### Entries supplied ###
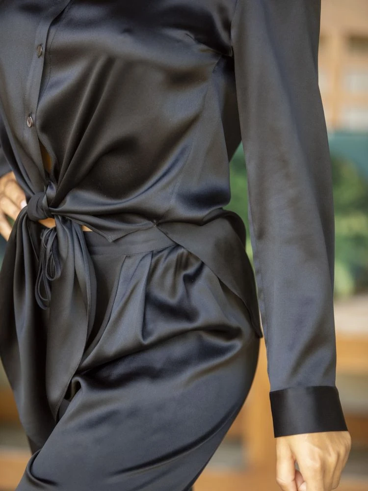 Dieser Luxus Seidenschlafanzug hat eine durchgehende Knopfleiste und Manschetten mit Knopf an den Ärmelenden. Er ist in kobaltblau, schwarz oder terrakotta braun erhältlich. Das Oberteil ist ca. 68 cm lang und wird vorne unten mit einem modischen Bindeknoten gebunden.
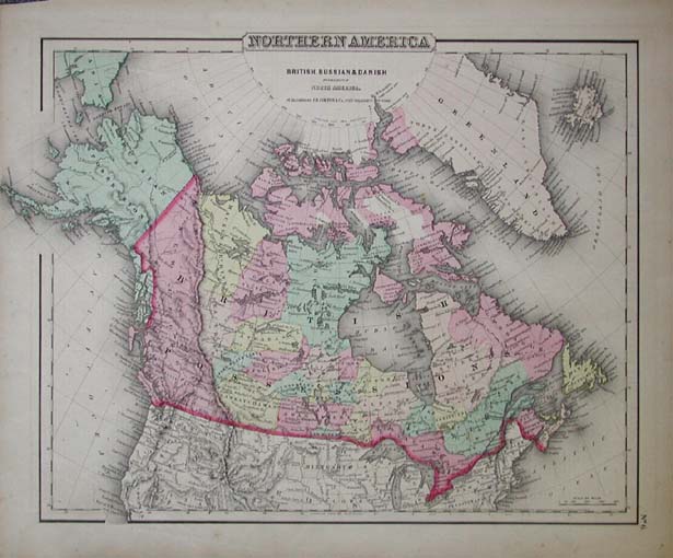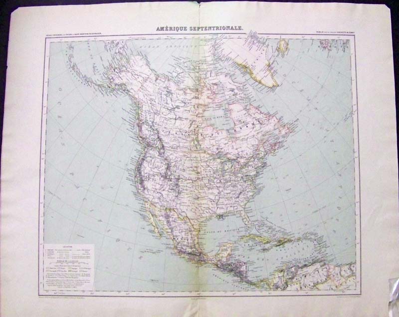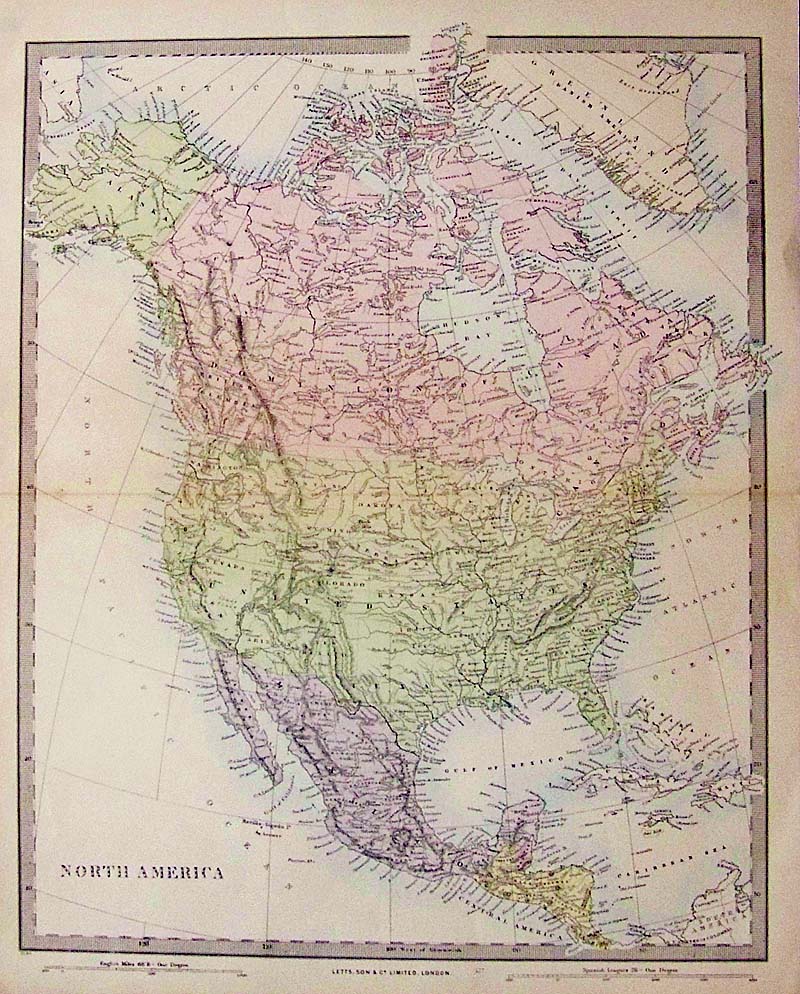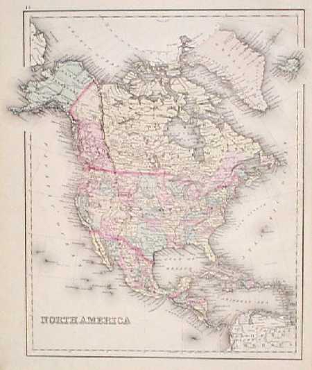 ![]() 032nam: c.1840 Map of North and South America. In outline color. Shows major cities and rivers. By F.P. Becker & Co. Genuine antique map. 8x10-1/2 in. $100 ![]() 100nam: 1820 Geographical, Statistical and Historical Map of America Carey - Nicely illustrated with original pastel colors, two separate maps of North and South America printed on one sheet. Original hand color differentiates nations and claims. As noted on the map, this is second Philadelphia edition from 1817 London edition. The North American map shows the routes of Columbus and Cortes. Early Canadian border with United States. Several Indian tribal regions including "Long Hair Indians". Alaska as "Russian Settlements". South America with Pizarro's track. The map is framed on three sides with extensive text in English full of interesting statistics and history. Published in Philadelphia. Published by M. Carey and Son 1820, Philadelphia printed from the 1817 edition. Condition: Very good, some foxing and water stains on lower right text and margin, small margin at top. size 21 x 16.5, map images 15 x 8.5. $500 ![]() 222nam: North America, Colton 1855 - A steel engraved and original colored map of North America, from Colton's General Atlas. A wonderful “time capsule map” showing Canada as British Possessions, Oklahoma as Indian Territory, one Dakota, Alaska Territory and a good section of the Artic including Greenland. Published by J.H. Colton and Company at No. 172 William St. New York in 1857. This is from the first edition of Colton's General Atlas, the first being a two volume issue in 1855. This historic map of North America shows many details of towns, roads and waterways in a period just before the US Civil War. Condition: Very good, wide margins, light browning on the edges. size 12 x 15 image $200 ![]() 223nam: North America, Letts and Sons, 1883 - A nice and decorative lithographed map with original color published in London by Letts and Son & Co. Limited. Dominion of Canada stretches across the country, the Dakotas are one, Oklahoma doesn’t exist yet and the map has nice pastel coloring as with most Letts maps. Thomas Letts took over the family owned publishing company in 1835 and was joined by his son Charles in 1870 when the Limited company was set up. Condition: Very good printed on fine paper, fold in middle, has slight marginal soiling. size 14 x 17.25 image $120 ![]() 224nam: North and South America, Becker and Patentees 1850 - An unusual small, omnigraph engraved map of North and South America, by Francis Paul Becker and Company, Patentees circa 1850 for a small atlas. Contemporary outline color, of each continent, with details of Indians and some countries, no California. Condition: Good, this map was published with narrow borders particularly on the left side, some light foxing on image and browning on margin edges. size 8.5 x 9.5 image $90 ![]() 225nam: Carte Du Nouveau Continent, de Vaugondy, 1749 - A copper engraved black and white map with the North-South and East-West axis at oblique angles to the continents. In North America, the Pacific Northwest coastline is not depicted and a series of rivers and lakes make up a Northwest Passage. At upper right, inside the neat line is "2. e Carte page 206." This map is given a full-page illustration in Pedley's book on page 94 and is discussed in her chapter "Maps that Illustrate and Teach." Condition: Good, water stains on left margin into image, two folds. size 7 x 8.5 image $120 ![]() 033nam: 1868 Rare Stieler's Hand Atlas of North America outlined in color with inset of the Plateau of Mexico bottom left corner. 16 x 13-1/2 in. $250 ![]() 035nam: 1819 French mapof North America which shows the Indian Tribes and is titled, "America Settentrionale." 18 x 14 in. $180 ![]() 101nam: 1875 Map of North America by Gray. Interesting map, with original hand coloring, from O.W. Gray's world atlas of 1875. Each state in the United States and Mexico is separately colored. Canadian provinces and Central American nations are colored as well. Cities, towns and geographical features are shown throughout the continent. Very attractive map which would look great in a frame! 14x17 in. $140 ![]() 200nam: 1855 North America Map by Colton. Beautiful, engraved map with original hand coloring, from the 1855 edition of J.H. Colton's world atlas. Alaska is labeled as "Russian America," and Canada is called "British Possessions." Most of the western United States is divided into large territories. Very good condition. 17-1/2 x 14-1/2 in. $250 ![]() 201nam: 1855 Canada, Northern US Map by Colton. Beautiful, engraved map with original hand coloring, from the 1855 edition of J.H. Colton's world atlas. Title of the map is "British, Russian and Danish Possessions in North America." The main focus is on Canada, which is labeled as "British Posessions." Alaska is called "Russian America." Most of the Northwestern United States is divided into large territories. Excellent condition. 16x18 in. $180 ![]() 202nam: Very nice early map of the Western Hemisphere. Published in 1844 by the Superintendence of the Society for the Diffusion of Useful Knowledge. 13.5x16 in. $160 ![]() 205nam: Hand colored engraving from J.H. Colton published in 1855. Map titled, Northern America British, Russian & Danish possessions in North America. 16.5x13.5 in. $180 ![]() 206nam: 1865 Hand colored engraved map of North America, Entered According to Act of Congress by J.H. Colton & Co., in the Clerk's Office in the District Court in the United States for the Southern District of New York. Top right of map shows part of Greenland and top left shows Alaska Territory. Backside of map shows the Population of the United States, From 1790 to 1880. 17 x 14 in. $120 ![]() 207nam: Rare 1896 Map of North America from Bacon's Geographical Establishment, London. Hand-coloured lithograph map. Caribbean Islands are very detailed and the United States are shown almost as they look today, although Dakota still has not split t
###
### Entries supplied ###
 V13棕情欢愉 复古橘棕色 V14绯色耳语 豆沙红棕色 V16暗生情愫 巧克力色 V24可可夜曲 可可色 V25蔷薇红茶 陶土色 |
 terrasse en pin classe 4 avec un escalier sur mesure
###
Required work: Once you find the line with "V13棕情欢愉 复古橘棕色 V14绯色耳语" in the entries above, output it and each line after it up to and including the line with "terrasse en pin", and nothing else.

Response to this exercise:
 V13棕情欢愉 复古橘棕色 V14绯色耳语 豆沙红棕色 V16暗生情愫 巧克力色 V24可可夜曲 可可色 V25蔷薇红茶 陶土色 |
 terrasse en pin classe 4 avec un escalier sur mesure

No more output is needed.